I know that in the end Jesus doesn’t really care if we’re Methodists or Baptists or Catholics or what-ever label you want to embrace or reject. But these traditions serve a very important purpose for us as we navigate through the choppy waters of this life. They give us direction. They give us meaning. They help us keep firm and steady on a path that can sometimes be difficult to find. When we are weak, they give us something to lean on. When we are strong, they give us the chance to help others. No one path is the correct one while all others are incorrect. But the one we choose, the one we walk, should help to form us into stronger disciples with each step.

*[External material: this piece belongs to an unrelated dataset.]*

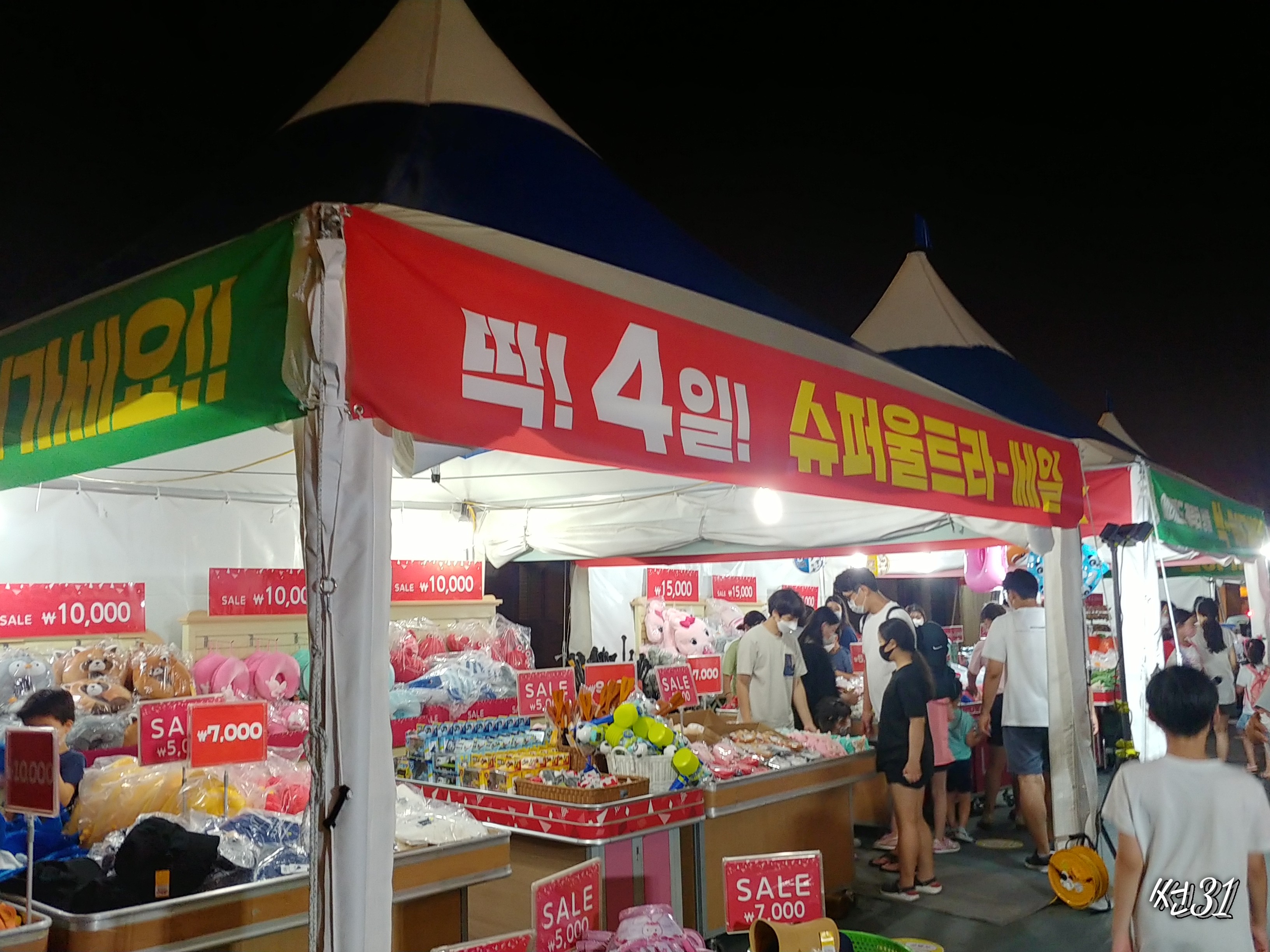천막을 몇개쳐놓고 장남감을 팔고 있었는데 굉장히 저렴하고 종류도 여러개 팔았는데 어떤것은 굉장히 저렴했고 어떤것은 할인율은 많은데 워낙 초기값이 높게 형성되있다보니 할인을 크게 해도 좀 비싼 느낌을 받는 제품도 있었습니다.

And I chose the United Methodist Church.
I was in the third grade when my family left the Church of God (Anderson, Indiana) and began attending a United Methodist Church–and from that moment forward, my spiritual life began to grow and deepen in unimaginable ways. I was a teenager when I felt the call into ministry, and I remember feeling it was a very specific call to ministry as an Elder in the United Methodist Church.

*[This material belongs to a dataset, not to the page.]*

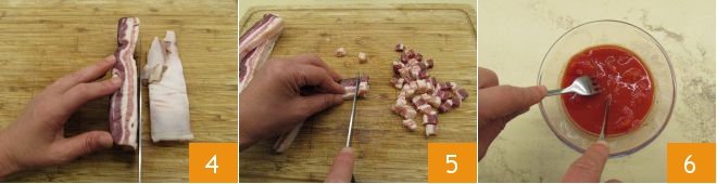 Remove the rind on the smoked pancetta 4 and chop the pancetta into tiny pieces 5. Finally, finely chop the peeled tomatoes 6 and then head over to the stove. Put a pot full of water on to boil to cook the pasta.
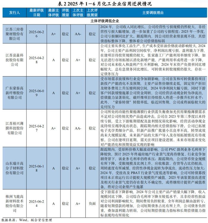 2025年1-6月,化工企业信用迁徙情况如下表所示(仅涉及公开可得数据),评级下调的主体为6家,评级下调因素主要涉及盈利能力下滑、公司经营活动现金流表现差、新增产能消化情况不及预期等多重因素。2025年1-6月,化工行业无新增违约主体。

But in the ten years it took me to fully answer that calling, I explored my faith and sought out other traditions and tried to run–I had plenty of opportunities to turn to any other denomination. Some would’ve embraced my call as a woman, some would have encouraged me into another walk of life… but I could’ve chosen any one of those other traditions.
I chose the United Methodist, in short, because I thought John Wesley was really onto something with is well-developed theology of grace. I knew that the United Methodist history of social justice was one that was rooted in discipleship of Christ. And I knew that the methods of order that the United Methodists are known for–itinerancy, laity-driven congregations, and connectionalism–was the path I wanted to walk for the rest of my life.
I joined the church as a teenager, largely because it was the thing to do. My friends were being confirmed, and it just made sense that I would not rock the boat and be the one who didn’t.
I maintained my membership as an adult because I knew that it was right for me. I was passionate about it. I was excited about it. It was a path that I could clearly follow and embrace and share with others.
But when a waitress asked me about the book I was reading–a book I found very interesting–I shrugged it off. Even though I am excited about my church and even though I encourage others to be equally as excited, I hesitated when it came to sharing that excitement with someone else.
And that is a missed opportunity I will regret for a long time.